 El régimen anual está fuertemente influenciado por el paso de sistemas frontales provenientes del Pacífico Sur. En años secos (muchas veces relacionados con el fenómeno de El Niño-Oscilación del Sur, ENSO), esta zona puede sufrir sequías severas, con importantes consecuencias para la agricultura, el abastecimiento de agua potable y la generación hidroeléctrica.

++++

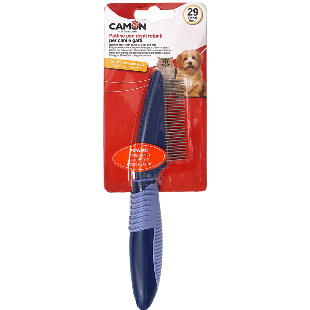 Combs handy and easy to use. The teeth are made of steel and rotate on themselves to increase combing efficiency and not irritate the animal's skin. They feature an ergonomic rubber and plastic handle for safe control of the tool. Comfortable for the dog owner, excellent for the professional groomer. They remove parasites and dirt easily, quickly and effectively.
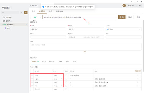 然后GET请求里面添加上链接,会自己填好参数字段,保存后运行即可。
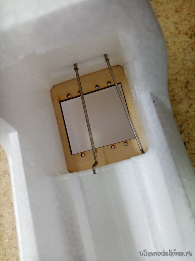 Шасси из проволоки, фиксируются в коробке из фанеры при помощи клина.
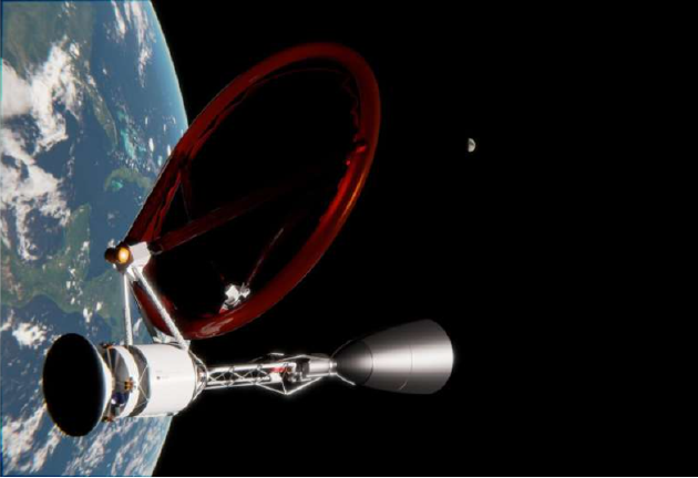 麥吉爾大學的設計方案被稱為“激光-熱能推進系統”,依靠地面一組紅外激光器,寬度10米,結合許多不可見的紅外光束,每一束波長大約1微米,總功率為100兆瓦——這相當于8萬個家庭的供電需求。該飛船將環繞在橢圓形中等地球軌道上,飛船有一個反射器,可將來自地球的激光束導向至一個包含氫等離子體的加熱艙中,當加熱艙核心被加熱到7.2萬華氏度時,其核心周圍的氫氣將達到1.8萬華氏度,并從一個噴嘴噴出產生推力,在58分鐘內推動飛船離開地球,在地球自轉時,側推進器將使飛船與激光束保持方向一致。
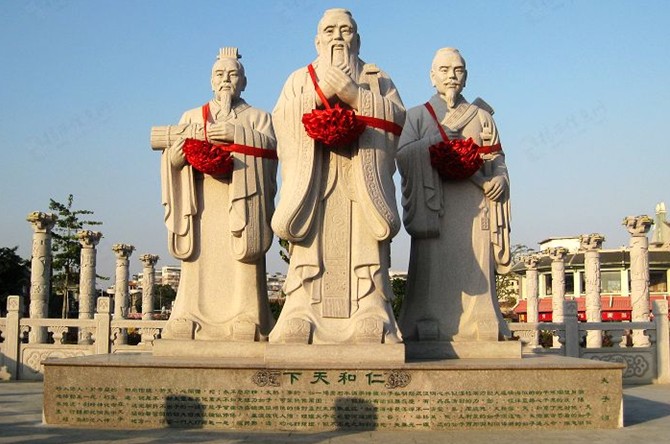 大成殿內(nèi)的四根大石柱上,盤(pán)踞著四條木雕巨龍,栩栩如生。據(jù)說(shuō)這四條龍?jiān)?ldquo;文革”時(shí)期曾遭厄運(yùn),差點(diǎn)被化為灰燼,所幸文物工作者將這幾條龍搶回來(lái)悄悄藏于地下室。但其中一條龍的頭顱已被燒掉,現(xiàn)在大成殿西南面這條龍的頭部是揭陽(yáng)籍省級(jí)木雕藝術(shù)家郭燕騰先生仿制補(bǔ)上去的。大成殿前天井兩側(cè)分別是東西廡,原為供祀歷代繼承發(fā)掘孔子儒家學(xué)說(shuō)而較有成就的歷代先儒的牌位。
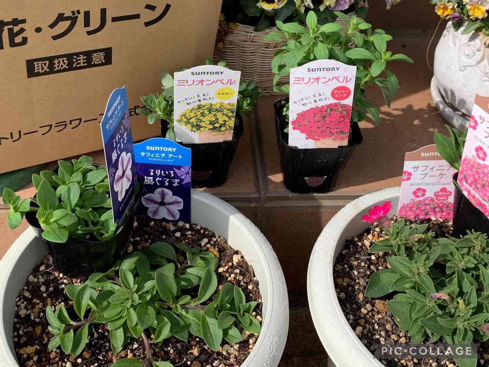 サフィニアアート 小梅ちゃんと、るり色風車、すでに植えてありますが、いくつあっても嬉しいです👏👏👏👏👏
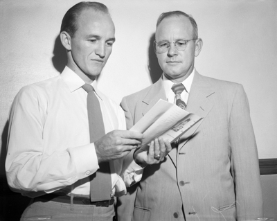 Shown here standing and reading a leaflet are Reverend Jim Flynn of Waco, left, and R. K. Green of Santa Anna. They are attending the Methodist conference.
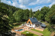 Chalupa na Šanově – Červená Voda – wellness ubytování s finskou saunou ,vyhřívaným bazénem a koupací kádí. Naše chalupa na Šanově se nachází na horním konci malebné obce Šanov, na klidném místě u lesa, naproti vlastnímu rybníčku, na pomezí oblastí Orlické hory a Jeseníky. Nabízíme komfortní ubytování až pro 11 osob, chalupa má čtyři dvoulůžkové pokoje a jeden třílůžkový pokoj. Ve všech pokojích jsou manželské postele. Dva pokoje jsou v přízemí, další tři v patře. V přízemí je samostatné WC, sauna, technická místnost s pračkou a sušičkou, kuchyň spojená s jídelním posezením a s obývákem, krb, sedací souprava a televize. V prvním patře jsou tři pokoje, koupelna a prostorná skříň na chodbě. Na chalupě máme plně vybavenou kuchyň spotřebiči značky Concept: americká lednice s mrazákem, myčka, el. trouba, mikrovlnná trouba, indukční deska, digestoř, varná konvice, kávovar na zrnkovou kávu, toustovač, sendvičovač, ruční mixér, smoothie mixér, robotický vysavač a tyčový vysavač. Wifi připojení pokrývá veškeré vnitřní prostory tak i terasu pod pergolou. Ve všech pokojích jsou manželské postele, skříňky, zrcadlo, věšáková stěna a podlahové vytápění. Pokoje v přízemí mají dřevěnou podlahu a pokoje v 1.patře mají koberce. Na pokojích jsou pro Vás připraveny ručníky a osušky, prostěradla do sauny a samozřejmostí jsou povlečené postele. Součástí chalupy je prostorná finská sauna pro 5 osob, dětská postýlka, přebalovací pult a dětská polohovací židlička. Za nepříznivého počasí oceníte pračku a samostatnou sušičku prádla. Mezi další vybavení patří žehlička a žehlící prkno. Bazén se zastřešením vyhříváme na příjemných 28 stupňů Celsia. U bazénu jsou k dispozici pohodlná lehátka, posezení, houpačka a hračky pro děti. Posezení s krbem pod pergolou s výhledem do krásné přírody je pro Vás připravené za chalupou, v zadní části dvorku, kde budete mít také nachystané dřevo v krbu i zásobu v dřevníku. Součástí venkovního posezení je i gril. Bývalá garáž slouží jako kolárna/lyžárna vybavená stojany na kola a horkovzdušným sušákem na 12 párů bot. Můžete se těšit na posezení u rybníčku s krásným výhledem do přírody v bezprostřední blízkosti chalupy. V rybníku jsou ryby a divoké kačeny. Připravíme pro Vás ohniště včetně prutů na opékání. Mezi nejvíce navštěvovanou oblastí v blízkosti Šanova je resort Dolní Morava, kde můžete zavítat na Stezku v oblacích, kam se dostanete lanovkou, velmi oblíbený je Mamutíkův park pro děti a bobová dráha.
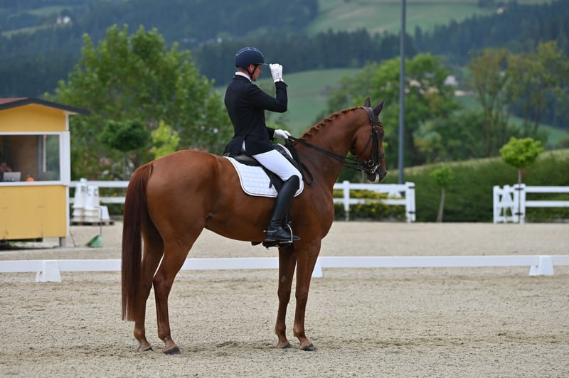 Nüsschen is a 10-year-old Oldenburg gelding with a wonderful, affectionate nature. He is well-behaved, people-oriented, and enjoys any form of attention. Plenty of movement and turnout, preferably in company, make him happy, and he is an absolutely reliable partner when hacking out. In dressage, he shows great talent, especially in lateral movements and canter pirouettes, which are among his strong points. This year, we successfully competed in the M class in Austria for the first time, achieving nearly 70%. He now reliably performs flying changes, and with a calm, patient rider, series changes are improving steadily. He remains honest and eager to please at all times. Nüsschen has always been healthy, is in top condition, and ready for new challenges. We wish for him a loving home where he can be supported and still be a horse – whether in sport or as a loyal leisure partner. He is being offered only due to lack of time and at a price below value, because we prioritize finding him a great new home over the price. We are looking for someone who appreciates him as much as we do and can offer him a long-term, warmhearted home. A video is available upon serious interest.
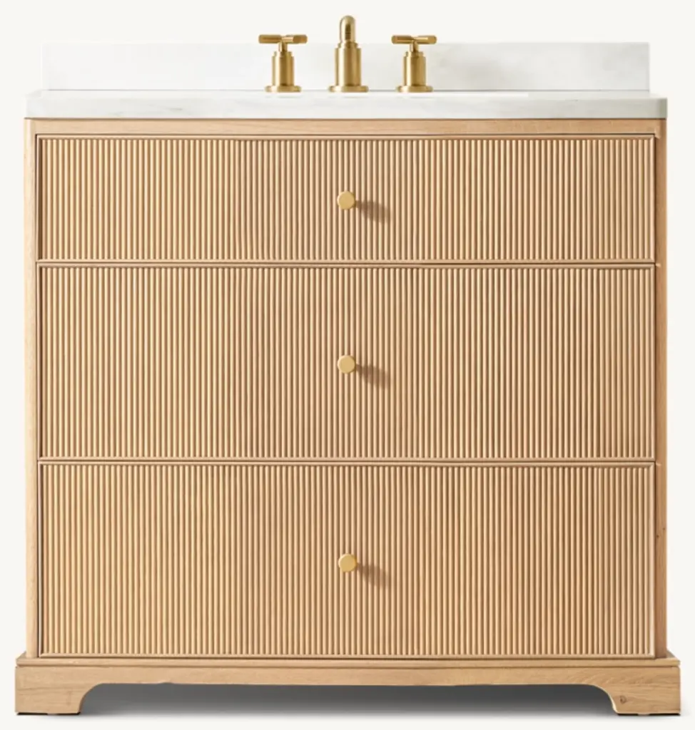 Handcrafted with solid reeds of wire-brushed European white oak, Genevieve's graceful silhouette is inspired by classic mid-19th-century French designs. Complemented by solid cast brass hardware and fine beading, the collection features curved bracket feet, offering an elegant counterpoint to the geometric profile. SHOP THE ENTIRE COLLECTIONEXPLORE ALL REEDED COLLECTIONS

++++

Exercise for the records above: copy only the lines from the one with "Шасси из проволоки, фиксируются" to the one with "Shown here standing", both ends kept, and drop the pictures.

 Шасси из проволоки, фиксируются в коробке из фанеры при помощи клина.
 麥吉爾大學的設計方案被稱為“激光-熱能推進系統”,依靠地面一組紅外激光器,寬度10米,結合許多不可見的紅外光束,每一束波長大約1微米,總功率為100兆瓦——這相當于8萬個家庭的供電需求。該飛船將環繞在橢圓形中等地球軌道上,飛船有一個反射器,可將來自地球的激光束導向至一個包含氫等離子體的加熱艙中,當加熱艙核心被加熱到7.2萬華氏度時,其核心周圍的氫氣將達到1.8萬華氏度,并從一個噴嘴噴出產生推力,在58分鐘內推動飛船離開地球,在地球自轉時,側推進器將使飛船與激光束保持方向一致。
 大成殿內(nèi)的四根大石柱上,盤(pán)踞著四條木雕巨龍,栩栩如生。據(jù)說(shuō)這四條龍?jiān)?ldquo;文革”時(shí)期曾遭厄運(yùn),差點(diǎn)被化為灰燼,所幸文物工作者將這幾條龍搶回來(lái)悄悄藏于地下室。但其中一條龍的頭顱已被燒掉,現(xiàn)在大成殿西南面這條龍的頭部是揭陽(yáng)籍省級(jí)木雕藝術(shù)家郭燕騰先生仿制補(bǔ)上去的。大成殿前天井兩側(cè)分別是東西廡,原為供祀歷代繼承發(fā)掘孔子儒家學(xué)說(shuō)而較有成就的歷代先儒的牌位。
 サフィニアアート 小梅ちゃんと、るり色風車、すでに植えてありますが、いくつあっても嬉しいです👏👏👏👏👏
 Shown here standing and reading a leaflet are Reverend Jim Flynn of Waco, left, and R. K. Green of Santa Anna. They are attending the Methodist conference.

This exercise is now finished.